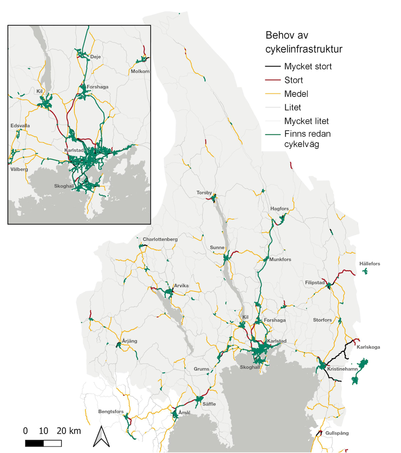 Som regional planupprättare ansvarar Region Värmland för planering av cykelvägar längs det statliga regionala vägnätet samt för fördelning av statlig medfinansiering till kommuner för cykelvägar på det kommunala vägnätet. De medel som funnits till cykelinfrastruktur via länsplanen i Värmland har till största delen använts till statlig medfinansiering som kommunerna sökt för kommunala cykelinvesteringar. Eftersom potentialen för cykelresor är störst i tätorter där avstånden är korta, är det viktigt att cykelinfrastrukturen utvecklas där och kommunerna har en viktig roll. Att rikta statliga medel mot infrastruktur i tätorter är därför rimligt. Samtidigt innebär utvecklingen av nya eldrivna cyklar att det med enkelhet går att cykla längre sträckor och då kan det vara intressant att omfördela de statliga medlen från länsplanen till regionala och statliga cykelvägars fördel. Dialog om detta har förts med kommunerna.
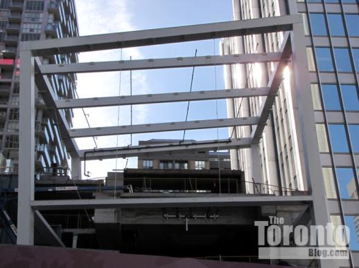 April 1 2011: The Nicholas Residences highrise will tower above these buildings which front on Yonge Street. The building at left houses a Flight Centre travel agency, while the one at right is Zelda’s restaurant (the tacky structure with the sloped roof shelters an outdoor dining terrace).
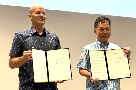 Minister Asao participated in the Signing Ceremony for the Agreement of Cooperation with Patagonia, Inc. Together with Mr. Marty Pomphrey, General Manager of Patagonia Japan, he signed the "Agreement of Cooperation Concerning Promotion of Satoumi Creation (Integrated Coastal Management) via Restoring Coastal Ecosystem from Ridge to Reef".
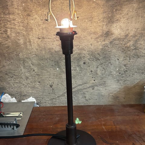 Lampen har et karakteristisk skærmdesign, der fordeler lyset effektivt. Velegnet til brug som bordlampe i forskellige rum.
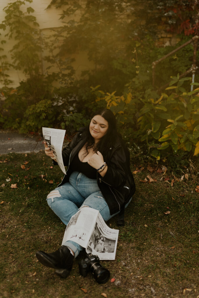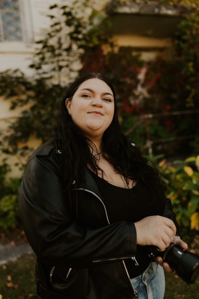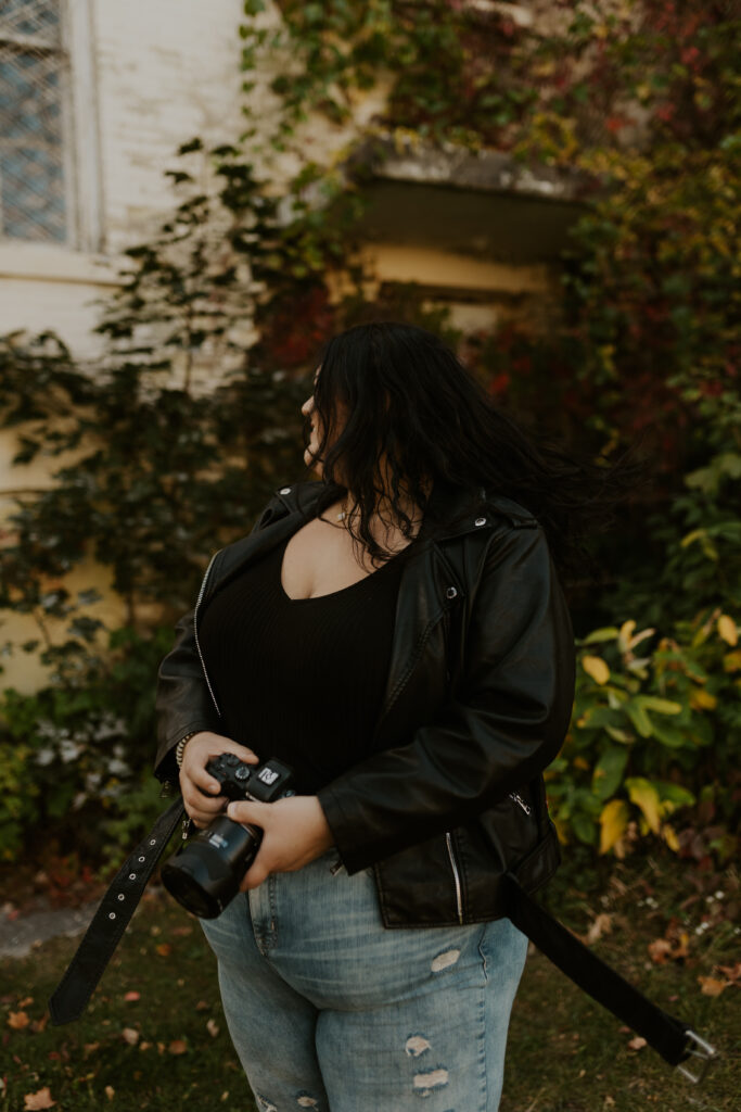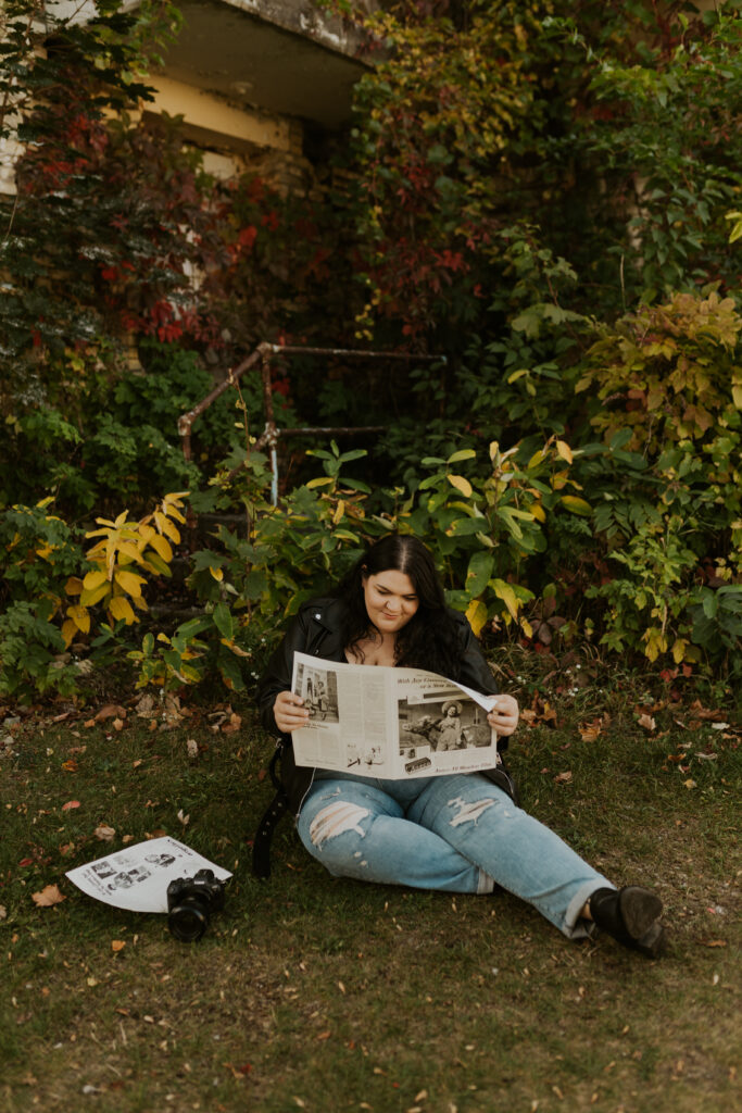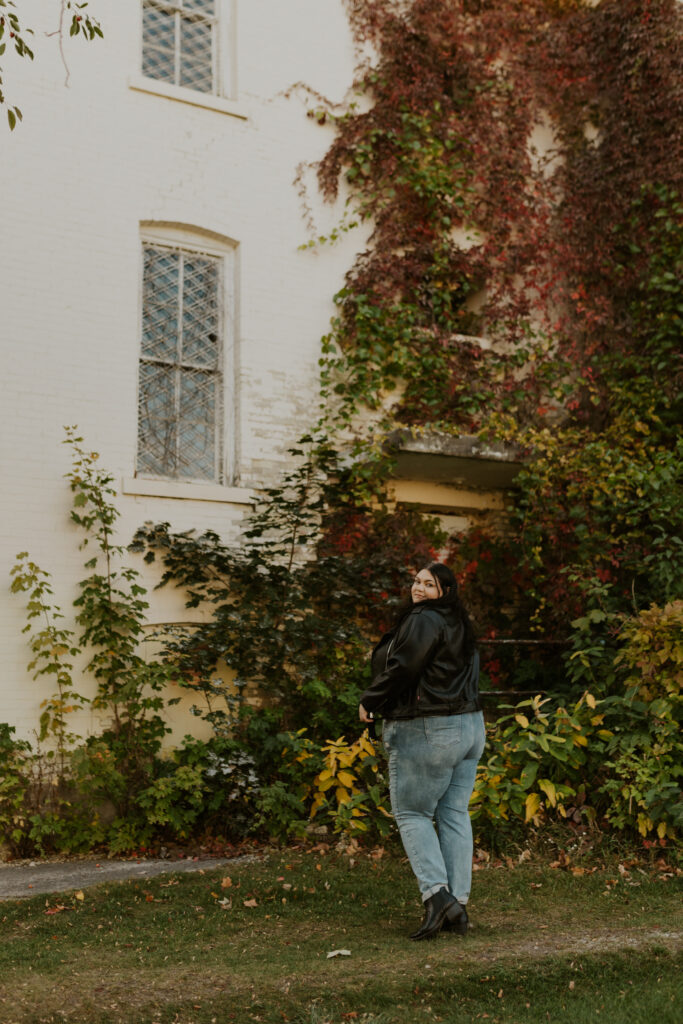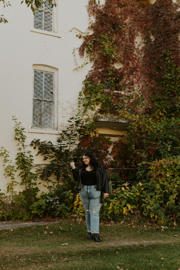Growing up, Traverse City was a place filled with childhood memories – family road trips, long weekends “up north” (a sentiment I heard all the time growing up a Michigander) and beach days along Lake Michigan’s shoreline. But this time, returning as an adult, I saw the city through a new lens. The asylum, once a place of curiosity and wonder from a distance, became the perfect backdrop for an eerie yet enchanting photoshoot. As the golden leaves blanketed the grounds, I felt both a sense of nostalgia as well as a sense of reverence for the stories held within these walls.
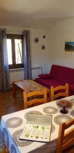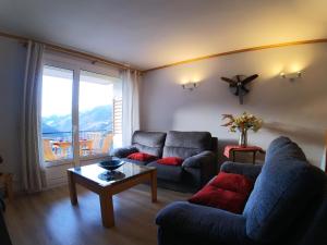 Les appartements disposent d'un balcon meublé avec vue sur la montagne. Ils comprennent tous un coin salon avec un canapé, une télévision et une table à manger.
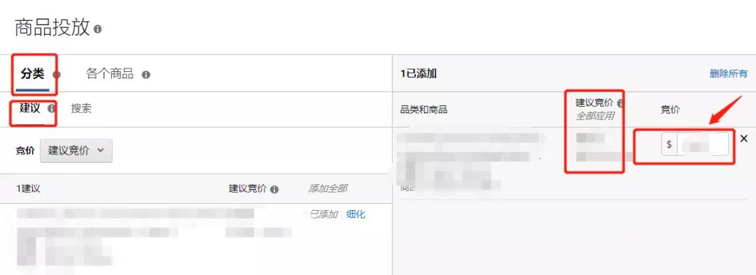 ①分类:在“分类”选项卡中,您可以根据与商品的相关性投放相应的推荐品类。按照建议竞价,设置合理的价格。
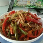 新鲜猪肚、红辣椒、尖椒、豆瓣酱、葱、子姜、大蒜、盐、糖、醋、鸡精、酱油、蚝油、花生油。

## Work request
Once the pictures are set aside, give the listing again word for word.

## Response area
 Som regional planupprättare ansvarar Region Värmland för planering av cykelvägar längs det statliga regionala vägnätet samt för fördelning av statlig medfinansiering till kommuner för cykelvägar på det kommunala vägnätet. De medel som funnits till cykelinfrastruktur via länsplanen i Värmland har till största delen använts till statlig medfinansiering som kommunerna sökt för kommunala cykelinvesteringar. Eftersom potentialen för cykelresor är störst i tätorter där avstånden är korta, är det viktigt att cykelinfrastrukturen utvecklas där och kommunerna har en viktig roll. Att rikta statliga medel mot infrastruktur i tätorter är därför rimligt. Samtidigt innebär utvecklingen av nya eldrivna cyklar att det med enkelhet går att cykla längre sträckor och då kan det vara intressant att omfördela de statliga medlen från länsplanen till regionala och statliga cykelvägars fördel. Dialog om detta har förts med kommunerna.
 April 1 2011: The Nicholas Residences highrise will tower above these buildings which front on Yonge Street. The building at left houses a Flight Centre travel agency, while the one at right is Zelda’s restaurant (the tacky structure with the sloped roof shelters an outdoor dining terrace).
 Minister Asao participated in the Signing Ceremony for the Agreement of Cooperation with Patagonia, Inc. Together with Mr. Marty Pomphrey, General Manager of Patagonia Japan, he signed the "Agreement of Cooperation Concerning Promotion of Satoumi Creation (Integrated Coastal Management) via Restoring Coastal Ecosystem from Ridge to Reef".
 Lampen har et karakteristisk skærmdesign, der fordeler lyset effektivt. Velegnet til brug som bordlampe i forskellige rum.
Growing up, Traverse City was a place filled with childhood memories – family road trips, long weekends “up north” (a sentiment I heard all the time growing up a Michigander) and beach days along Lake Michigan’s shoreline. But this time, returning as an adult, I saw the city through a new lens. The asylum, once a place of curiosity and wonder from a distance, became the perfect backdrop for an eerie yet enchanting photoshoot. As the golden leaves blanketed the grounds, I felt both a sense of nostalgia as well as a sense of reverence for the stories held within these walls.
 Les appartements disposent d'un balcon meublé avec vue sur la montagne. Ils comprennent tous un coin salon avec un canapé, une télévision et une table à manger.
 ①分类:在“分类”选项卡中,您可以根据与商品的相关性投放相应的推荐品类。按照建议竞价,设置合理的价格。
 新鲜猪肚、红辣椒、尖椒、豆瓣酱、葱、子姜、大蒜、盐、糖、醋、鸡精、酱油、蚝油、花生油。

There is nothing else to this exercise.